Reading all the threads on here about just how difficult parents are finding juggling work and childcare, it seems a bit remiss for childcare settings to place even more pressure on parents.

Greydogs123 · 09/06/2024 20:52

I work in a pre school and we have a little leavers thing. Honestly, as long as a child has one person who is special to them that’s enough. They don’t really notice and it doesn’t really mean very much to them - they’re 4. Don’t fall out with your Dh about it.

Mumtobabyhavoc · 09/06/2024 20:56

Shame so many parents posting here are so bothered by celebrating their children. Why not make a fuss over the kiddos and take joy in the little things? Time goes by so fast and last I heard, no one moans about missing a day of work on their deathbed. To see a smile on your child's face because you showed up for them is what it's all about. 🩷

lightsandtunnels · 09/06/2024 20:58

It's not a graduation. It's a 4 year old on their last day of nursery. I bloody hate all this old rubbish of graduations for nursery children, up there with proms for Y6 now. Where will it ever end? Maybe that'll be it - proms for Nursery leavers?

RefusingToPlayYourGames · 09/06/2024 21:02

TheShellBeach · 09/06/2024 11:33

I can't believe there's now a ceremony for children leaving nursery.

YABU. All these "graduations" are nonsensical. It's not like your child has obtained a degree.

It's another ridiculous trend from America. My grandchildren had this daft thing, where they were a little mortar board and cloak, photographed holding a sign that said "I'm going up to big school".................. I didn't attend

TizerorFizz · 09/06/2024 21:04

@Mumtobabyhavoc Someone is showing up!! Just not dad. So DC will have someone there. Mum. That’s good enough.

I love the idea that 4 year olds sing! They really don’t. Mine just brought home a load of art on their last day. Happily no leavers do until they got to y6.

Nichebitch · 09/06/2024 21:07

The amount of posters not getting that is not about the importance of the event itself, but the child not seeing both parents there 🙄

CaptainMyCaptain · 09/06/2024 21:08

2chocolateoranges · 09/06/2024 19:43

If only I was young, I’m 47 with children in their early 20’s who graduated from nursery. It’s not a new thing.

You're considerably younger than me. And 20 years or less is comparatively recent.

Noidea2024 · 09/06/2024 21:09

I agree with everyone questioning why nurseries hold graduations, but equally, as it is happening, it will be a big deal to your daughter, and will matter that her parents are there. Even if it doesn't now, it will in future. It may also matter to your DH one days when he's realises how quickly your daughter has grown, and how much he has missed out.

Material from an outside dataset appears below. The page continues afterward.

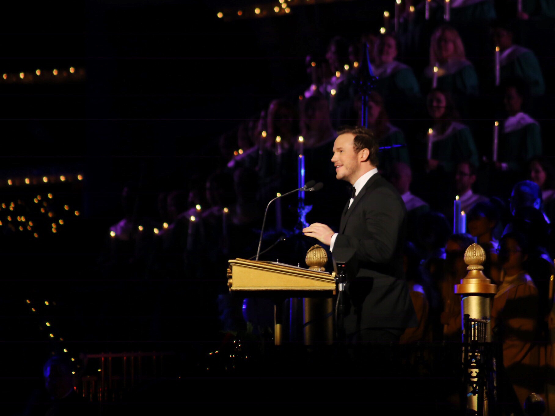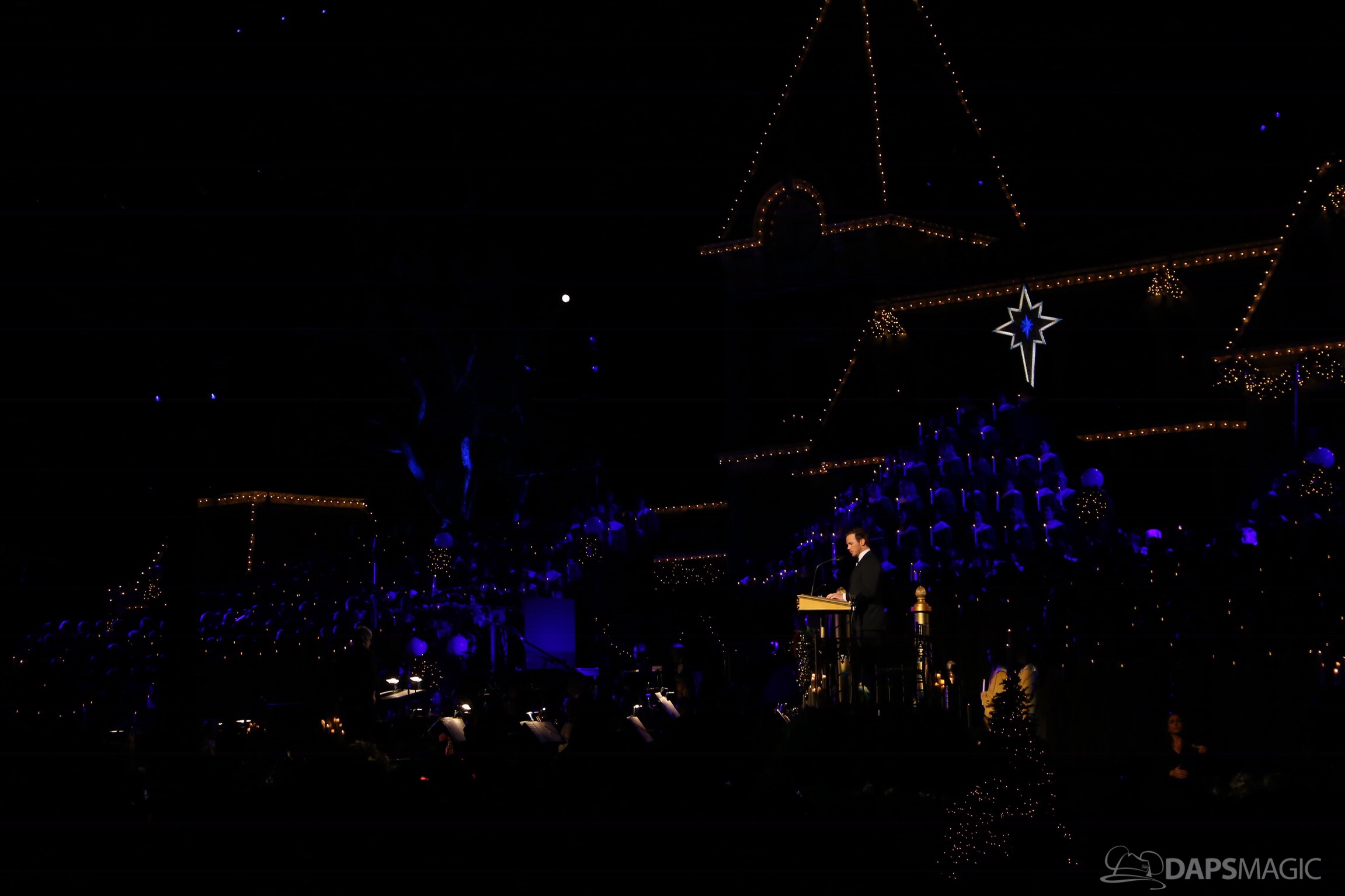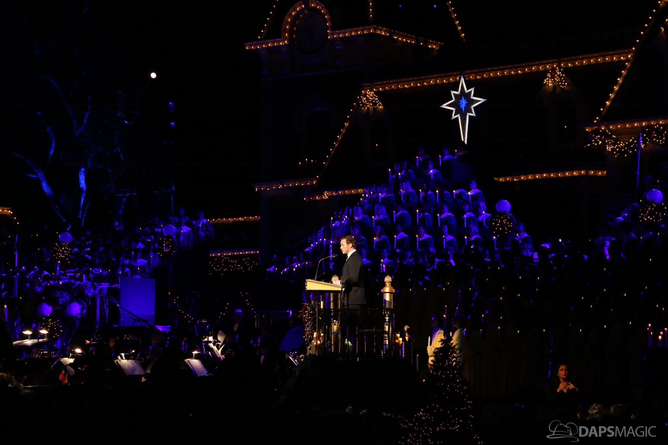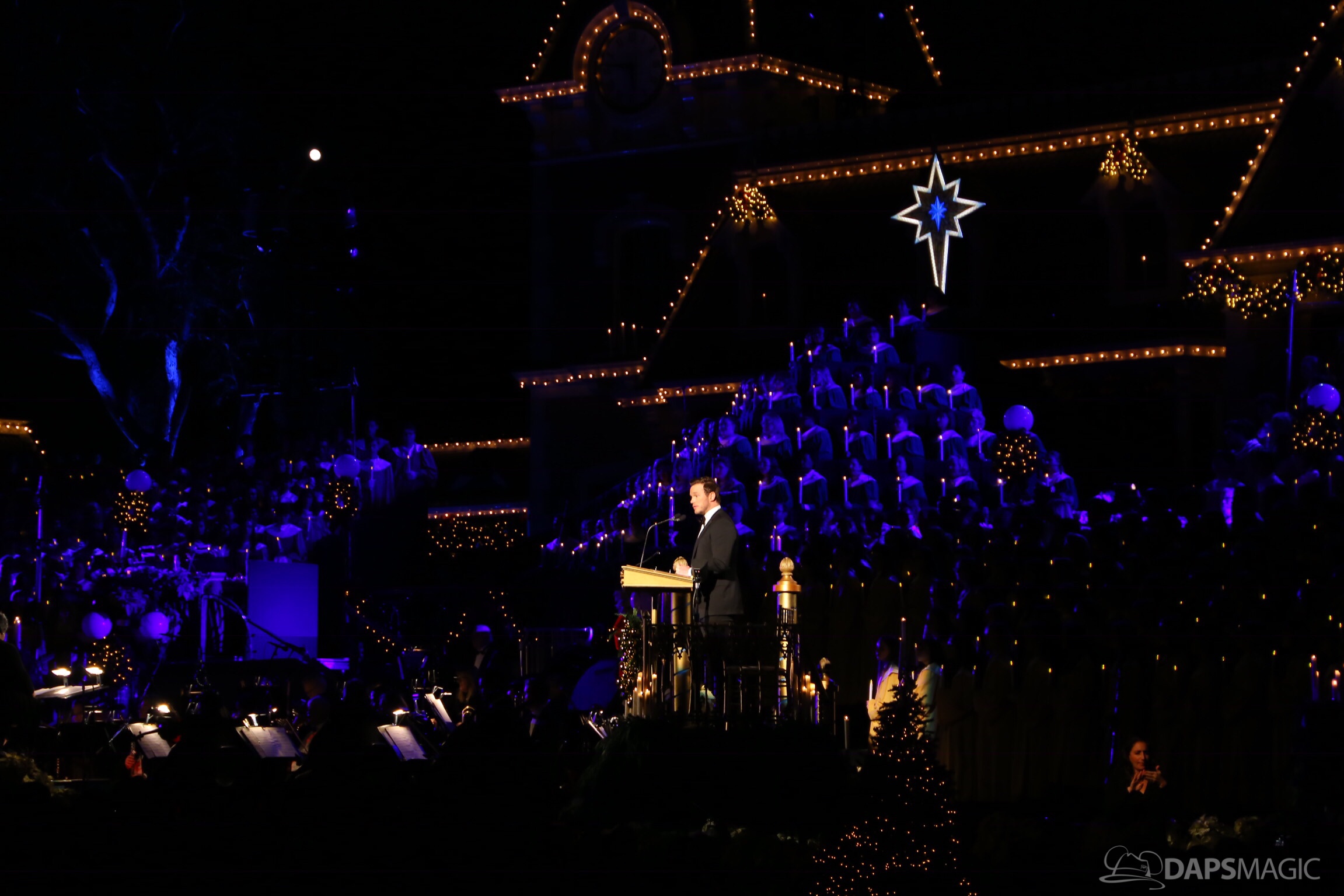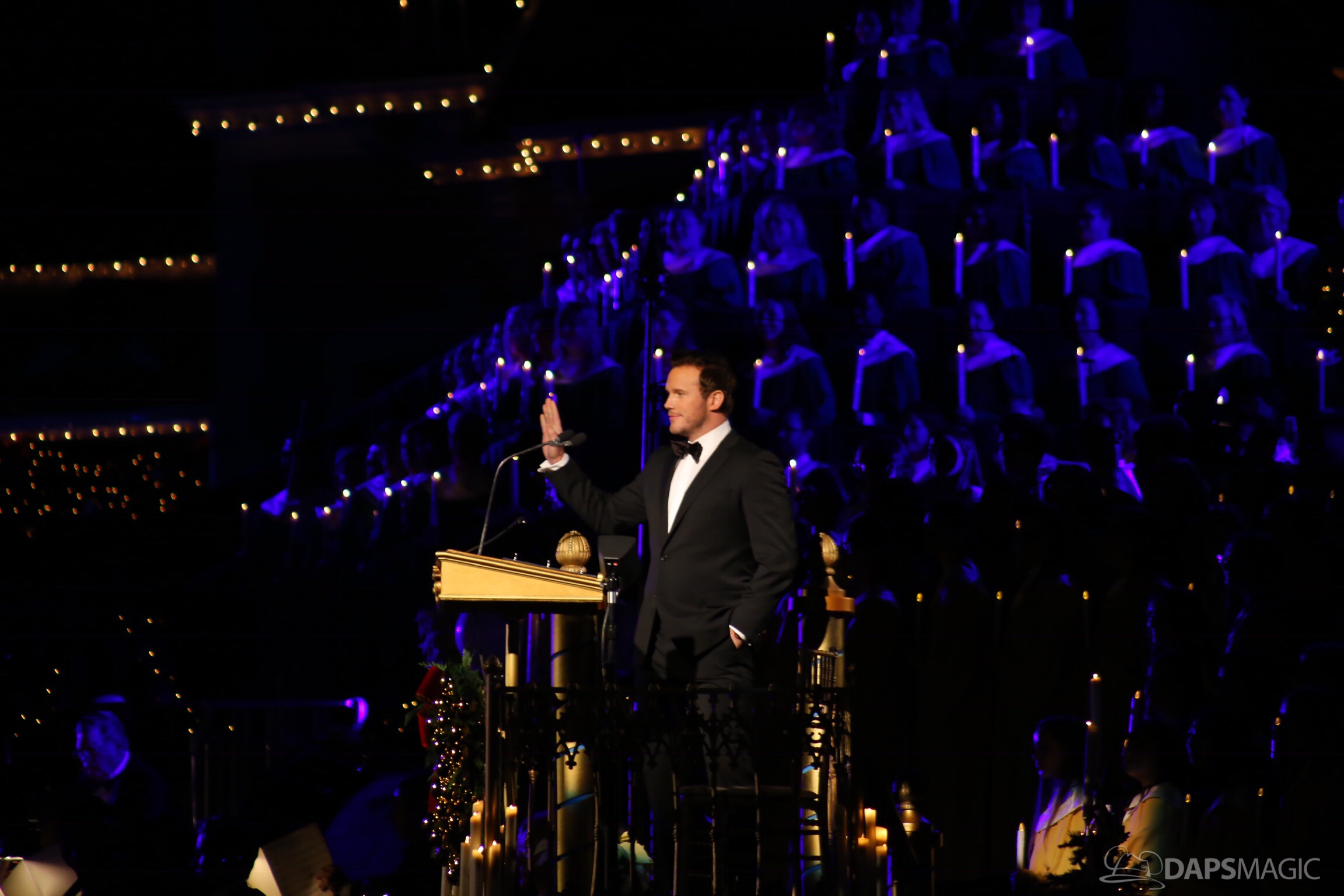 On Saturday night, guests at the Disneyland Resort for the annual Candlelight Ceremony were treated to the narration of Chris Pratt. Known for his roles in the Guardians of the Galaxy franchise, the Jurassic World franchise, and also Parks & Recreation, Pratt brought his personality and passion to the role of narrator. As he shared the story of Christmas, he brought his humorous improvisation to the narration. A couple of times he explained what he was reading for those in attendance. At one point even paraphrasing the story that he was reading.

when our eldest was tiny, my DH was very work focused and missed lots of events. It was only in lock down that he came to realise all of this, and it took quite a bit of getting over that he had missed out on our son being a toddler. Since then, he has made every effort to be at things that matter to DS, including dashing from a school nativity to get flight, and rearranging travel to make it to his Scouting silver award ceremony. He cannot get those early turns back though, and I know he still feels back that he put work in front of making it to early sports days and nativities.

While the nursery graduation may be a pointless Americanism, it will happen once in your daughter's life. He will have plenty of chances to play sport and participate in hobbies. He won't get another chance to mark your daughter finishing nursery, and before he knows it, she'll be a teenager who might not always want him about.

uncomfortablydumb53 · 09/06/2024 21:10

Ridiculous as a graduation from nursery sounds, it's not a huge event They're 4
As long as one parent is there, that's what matters
There are many firsts in the years ahead
Hopefully involving a cap and gown!
A tears in my eyes event for me!

DataColour · 09/06/2024 21:11

They don't need both parents to be there. It's not an important milestone. My DH didn't go to any of our DCs as is a teacher and can't get time off for any school or nursery events. DCs didn't care, I was there afterall.